The piston 3 is coupled to a crankshaft 5 via a connecting rod 4. The crankshaft 5 is contained in a crankcase in a lower part of the cylinder block 1 a. A rotor 301 a is attached to the crankshaft 5. A crank position sensor 301 built around, for example, an electromagnetic pickup is disposed laterally close to the rotor 301 a. The crank position sensor 301 outputs a pulse signal when a tooth on the outer circumference of the rotor 301 a passes before it. Engine rotational speed is calculated from these signals.
A water jacket is formed on a sidewall of the cylinder block 1 a so as to surround the cylinder 2. A water temperature sensor 303 is disposed on the water jacket to detect the temperature of engine-cooling water w. The cylinder block 1 a has greater dimensions in the lower part to form an upper half of the crankcase. An oil pan 1 c is attached to the lower part of the cylinder block 1 a to form a lower half of the crankcase. The oil pan 1 c contains lubrication oil (engine oil) which is supplied to various parts of the engine.
A spark plug 6 is disposed in the cylinder head 1 b so as to face a combustion chamber inside the cylinder 2. An igniter 7 feeds high voltage to an electrode in the spark plug 6. The timing of the high voltage supply to the spark plug 6, that is, the ignition timing of the engine 1, is regulated through the igniter 7. The igniter 7 is an actuator capable of regulating the ignition timing of the engine 1 and is controlled by an ECU (electronic control unit) 500 which will be described later in detail.
The cylinder head 1 b has an air intake port 11 a and an exhaust port 12 a both being opened so as to face the combustion chamber inside the cylinder 2. The air intake port 11 a is spatially continuous with an air intake manifold 11 b that forms a downstream part of the intake air path 11 for intake air flow. The exhaust port 12 a is spatially continuous with an exhaust manifold 12 b that forms an upstream part of an exhaust path 12 for exhaust gas flow.
An air flow meter 304 (see FIG. 2) is disposed in the upstream part of the intake air path 11 near an air cleaner (not shown) to detect intake air quantity. Downstream from the air flow meter 304 is there provided a throttle valve 8 to regulate intake air quantity. An intake air temperature sensor 307 (see FIG. 2) is also disposed in the intake air path 11 (air intake manifold 11 b) to detect air temperature (intake air temperature) before the air is taken into the engine 1.

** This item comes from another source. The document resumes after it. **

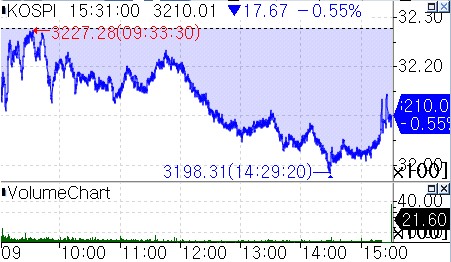 8일 연합인포맥스 신주식종합(화면번호 3536)에 따르면 코스피가 전 거래일보다 17.67포인트(0.55%) 내린 3,210.01로 장을 끝냈다. 코스피는 장 초반 소폭 하락하다가 오후 들어 낙폭을 키웠다. 오후 장중 3,200선을 밑돌았으나 레벨을 지켜내며 일주일을 마감했다. 개인이 순매수했으나 외국인과 기관이 순매도했다.

The throttle valve 8, in the present example, is mechanically detached from an accelerator pedal (not shown) and driven by an electric motor 8 a for the adjustment of its opening degree. Signals from a throttle opening degree sensor 305 that detects the throttle opening degree are transmitted to an ECU 500 (described later in detail). The ECU 500 controls the electric motor 8 a so as to achieve a suitable intake air quantity in accordance with the operating state of the engine 1. The throttle valve 8 is an actuator that regulates intake air quantity of the engine 1.

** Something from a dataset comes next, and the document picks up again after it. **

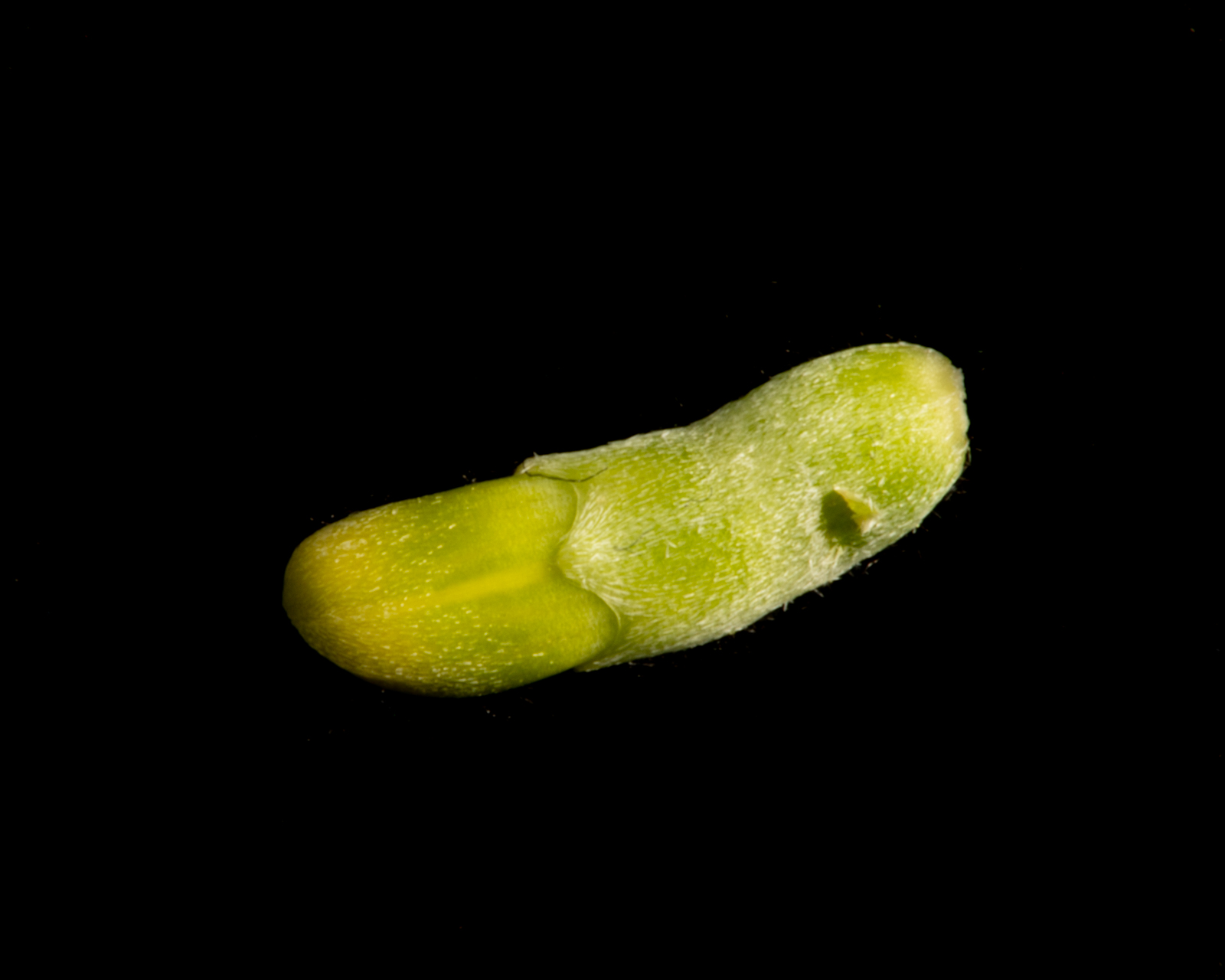 The tiny first instar larva of a Falcate Orangetip butterfly.

In this manner, an intake air valve 13 opens/closes the air intake port 11 a facing the combustion chamber, which in turn spatially connects/disconnects the intake air path 11 and the combustion chamber. Likewise, an exhaust valve 14 opens/closes the exhaust port 12 a, which in turn spatially connects/disconnects the exhaust path 12 and the combustion chamber. The intake air and exhaust valves 13 and 14 are driven to open/close by respective air intake and exhaust camshafts 15 and 16 to which the rotation of the crankshaft 5 is transmitted via, for example, timing chains.
In the present example, a cam position sensor 302 is provided near the air intake camshaft 15 to generate a pulse signal when the piston 3 in the particular cylinder 2 reaches a compression top dead center. The cam position sensor 302, built around, for example an electromagnetic pickup, outputs pulse signals as the rotor on the air intake camshaft 15 rotates, similarly to the crank position sensor 301.

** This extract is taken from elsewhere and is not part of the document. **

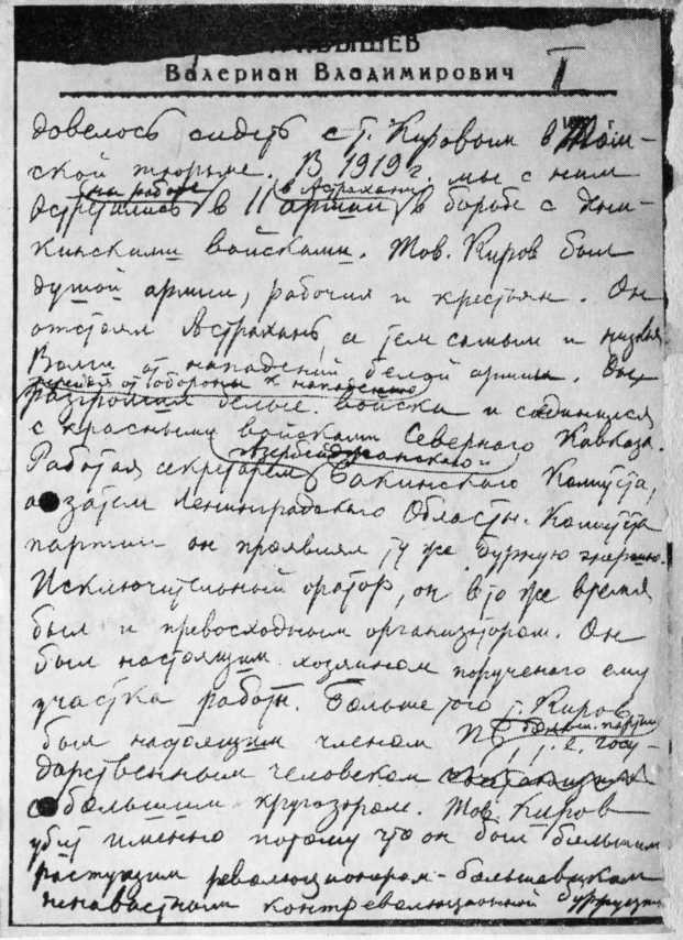 Вторая страница статьи В. В. Куйбышева памяти Кирова. Ташкент, 2 декабря 1934 года. Автограф.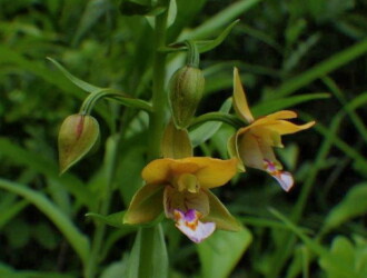 • 唇弁の先は紅紫色で中央に黄色のV字状の斑紋がある。

Catalyst 17 (for example, three-way catalyst) is disposed downstream from the exhaust manifold 12 b in the exhaust path 12. The catalyst 17, to clean up exhaust, oxidizes CO and HC to nontoxic CO₂and H₂O and reduces NO_xto nontoxic N₂in the exhaust vented from the combustion chamber inside the cylinder 2 to the exhaust path 12.
In the present example, an air-fuel ratio (A/F) sensor 309 is disposed in the exhaust path 12 upstream from the catalyst 17. In the exhaust path 12 downstream from the catalyst 17 are there disposed an exhaust temperature sensor 308 and an O₂sensor 310.

Fuel Injection System

Next will be described a fuel injection system for the engine 1.
Each cylinder 2 of the engine 1 includes a cylinder-injection injector 21 so as to inject fuel directly into the combustion chamber. The cylinder-injection injectors 21 of the four cylinders 2 are connected to a common high-pressure-fuel feeding pipe 20. In each of the four cylinders 2, a port-injection injector 22 is disposed in the intake air path 11 of the engine 1 so as to inject fuel through each air intake port 11 a. All the port-injection injectors 22 are connected to a common low-pressure-fuel feeding pipe 23.
Fuel is fed to the high-pressure-fuel feeding pipe 20 and the low-pressure-fuel feeding pipe 23 by a low pressure pump (fuel pump) 24 and a high pressure pump (fuel pump) 25 (hereinafter, may be referred to simply as “fuel pumps 24 and 25”). The low pressure pump 24 draws fuel from a fuel tank 26 to feed the fuel to the low-pressure-fuel feeding pipe 23 and the high pressure pump 25. The high pressure pump 25 pressurizes incoming low pressure fuel to a predetermined or higher pressure level before feeding the fuel to the high-pressure-fuel feeding pipe 20.
In the present example, the high-pressure-fuel feeding pipe 20 has disposed therein a high-pressure-fuel pressure sensor 311 (see FIG. 2) to detect the pressure (fuel pressure) of the high pressure fuel fed to the cylinder-injection injector 21. The low-pressure-fuel feeding pipe 23 has disposed therein a low-pressure-fuel pressure sensor 312 (see FIG. 2) to detect the pressure (fuel pressure) of the low pressure fuel fed to the port-injection injector 22.
The cylinder-injection injector 21 and the port-injection injector 22 are each an electromagnetic actuator that opens a valve to inject fuel in response to the application of a predetermined voltage. The operation (e.g., injection quantity and injection timing) of these injectors 21 and 22 and the operation of the high pressure pump 25 and the low pressure pump 24 are controlled by the ECU 500 (described later in detail).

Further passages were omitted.